Founded in 1880, the university is one of the oldest in the island and is located in the metropolitan area of Santurce in San Juan. 
Originally conceived as a selective institution for women, it evolved to serve a wider range of communities, which lead to dramatic growth and up to 20,000 students.
Nevertheless, in the late 1980s it went back to its selective roots and decreased the number of new admissions from 2,000 students per year to about 700.
“The latest transformations have revolved around how to create a different experiences focused on the students and the community,” Rivera said. 
According to him, the mission of this religious institution is not only to educate professionals but to create “leaders to transform our society.”
“As an institution we want to be agents of change and create bonds at a local and international level, and that’s why we are here,” Rivera said in an interview with AL DÍA News in Philadelphia. 
With a core curriculum based in theory and practice, technology, and bilingual and multicultural education, it strives to face not only the current needs of the society in which we live but the ones that will arise in the future. 
“In six or seven years who knows what is going to be happening in the fields we are working,” Rivera said. “Our students are going to work in multiple careers, countries, and occasionally they will be their own bosses.”
On the other hand, he added that the institution seeks to prepare its students to continue their education beyond a college degree.
“If we bring competitive students we don’t want them to get only their bachelor’s, but to set their mind on doing a master's,” Rivera said. 
That’s why every career includes a diverse set of requirements for that purpose, from research to statistics. 

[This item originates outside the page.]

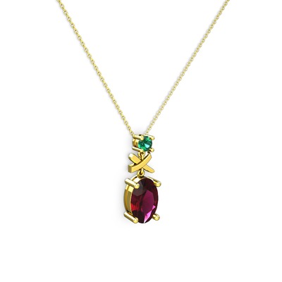 Rodolit garnet ve yeşil kuvars 14 ayar altın kolye (40 cm altın rolo zincir)

Two years ago the university started a civic engagement program that offers training in dialogue, mediation and conflict resolution as part of the curriculum. 
“If we are looking for agents of change, they need to be mediators and to facilitate dialogue between opposing groups in a way that is socially acceptable and that respects diversity and different ideologies,” he said. 

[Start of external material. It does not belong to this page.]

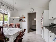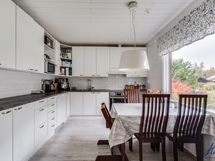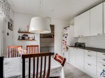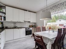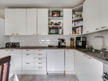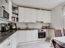 Kaapistot, jääkaappi, induktioliesi, erillisuuni, liesituuletin ja astianpesukone. Keittiön lattiapinta on laminaattia ja seinäpinnat on maalattu. Keittiö on remontoitu 2015.

This vision lead the university to obtain the only recognition an institution in the island has received from the Carnegie Foundation for the Advancement of Teaching (CFAT), due to the university's focus on society, community outreach and partnerships. 

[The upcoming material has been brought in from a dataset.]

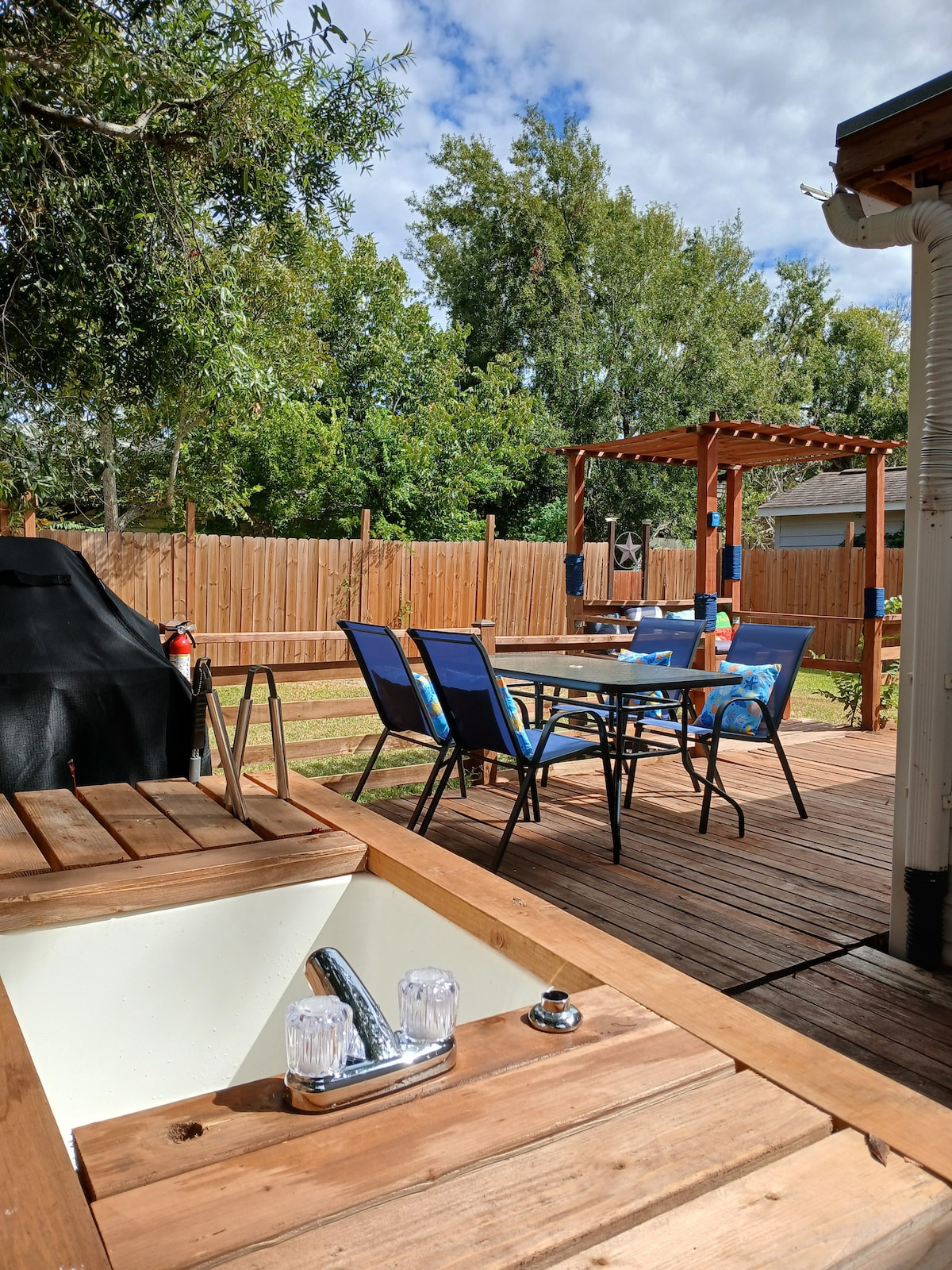 德州斯托韋爾的舒適兩房度假屋 入住德州斯托韋爾這間迷人的兩房房源,在鄉間度過美好時光。 非常適合家庭或小團體入住,設有設備齊全的廚房、2 個舒適的起居區和寬敞的院子,配有大型後露台、火爐和美麗的日落景觀。 你可以在森林中漫步,或探索附近的景點,如阿納瓦克野生動物保護區、水晶海灘和溫尼貿易日。 寵物友善,有 Wi-Fi。 享受鄉村生活的寧靜,馬上預訂住宿!

Its unique learning model requires students to participate in a community service project in order to graduate.  
For this purpose, the institution created a center that caters to community organizations with problems that represent a risk to their sustainability. 
After the university staff analyzes the problems of each organization, and identifies the disciplines that may help solve them, they are assigned to a class along with others that face similar problems. 
“The students spend the semester working with the organizations to develop a solution to problems that can be applied at the end,” Rivera said. “It’s a model that allows the students to recognize the problems of our society and to participate in a solution to those problems.”
He added that this is only one example of how the institution “connects the mind with the heart, and shows that the old saying of ‘power is knowledge’, is real.”